For transfection of p3'SS-EGFPdimer lac repressor (Tumbar et al., 1999) we used FuGene [Boehringer Mannheim (now Roche Applied Science), Indianapolis, IN]. Two days after transfection, an appropriate dilution of cells was transferred to 9 ml selection medium containing 750 µg ml1 Hygromycin B (catalog number 400051; Calbiochem, La Jolla, CA). 1 ml 3% soft agar (catalog number SeaPlaque #50111; FMC Bioproducts, Rockland, ME) was added and the mixture was transferred to 10 ml Petri dishes. After 30 minutes at 4°C, dishes were transferred to the incubator for a week. Resistant cells had then formed colonies in the soft agar, and these were individually transferred to cell culture flasks. A stable subclone with barely detectable nuclear GFP staining was selected (Fig. 1B) and subjected to a second round of stable transfection with pPALZ8.8, this time using Tfx50 (Promega, Madison, WI) as described previously (Elnitski and Hardison, 1999
). Colonies were obtained as before, using 1 mg ml1 G418 sulfate (catalog number 345810; Calbiochem) for selection. Circular DNA was used for both transfections. After passaging the clone PALZ39 12 times, PALZ39E was subcloned. The PALZ39M line was obtained by dilution of PALZ39, leaving several cells as founders of the population.

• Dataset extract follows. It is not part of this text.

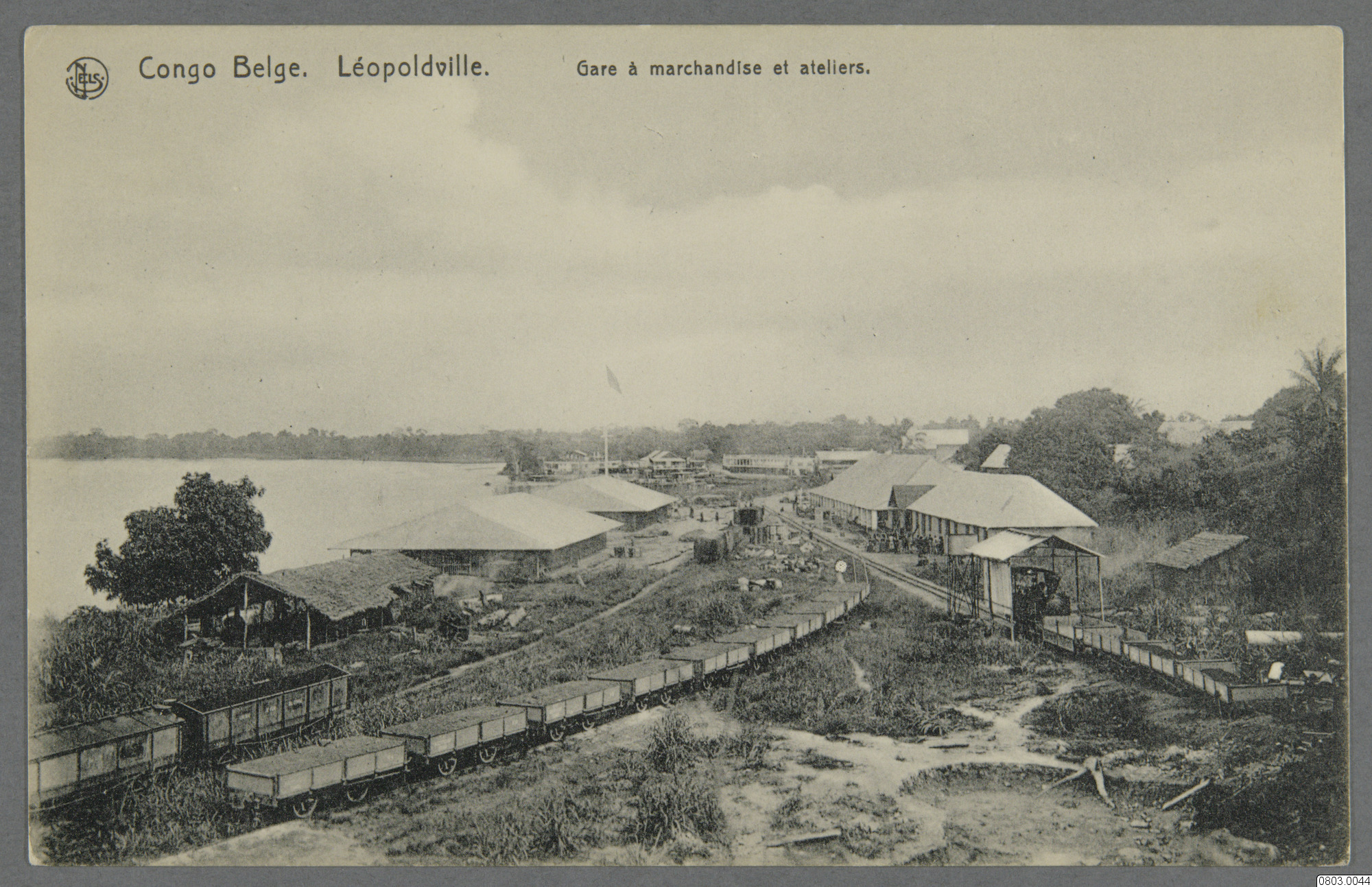Vykort med motiv av stationsområde med verkstäder. Text på framsida: "Congo Belge, Leopoldville. Gare á marchandise et ateliers" Text på baksida: "Carte Postale, Correspondance, Adresse, Ed. Nels, Bruxelles. Collection du Touring Club. serie 14, No. 138."

Fixation, X-Gal staining and FISH
Metaphase spreads were prepared according to standard protocols. For three-dimensional (3D) preparations, glass cover slips (22x22 mm, 170 µm thick) were coated with poly-L-lysine (molecular weight 300,000; Sigma, Deisenhofen, Germany) by incubation with a 0.1 mg ml1 solution for 40 minutes, washes with water and air drying. Cell suspensions were incubated for 40 minutes or longer to allow cell attachment. Fixation was with 2% formaldehyde (freshly made from paraformaldehyde) in PBS (Dernburg and Sedat, 1998) for 15 minutes.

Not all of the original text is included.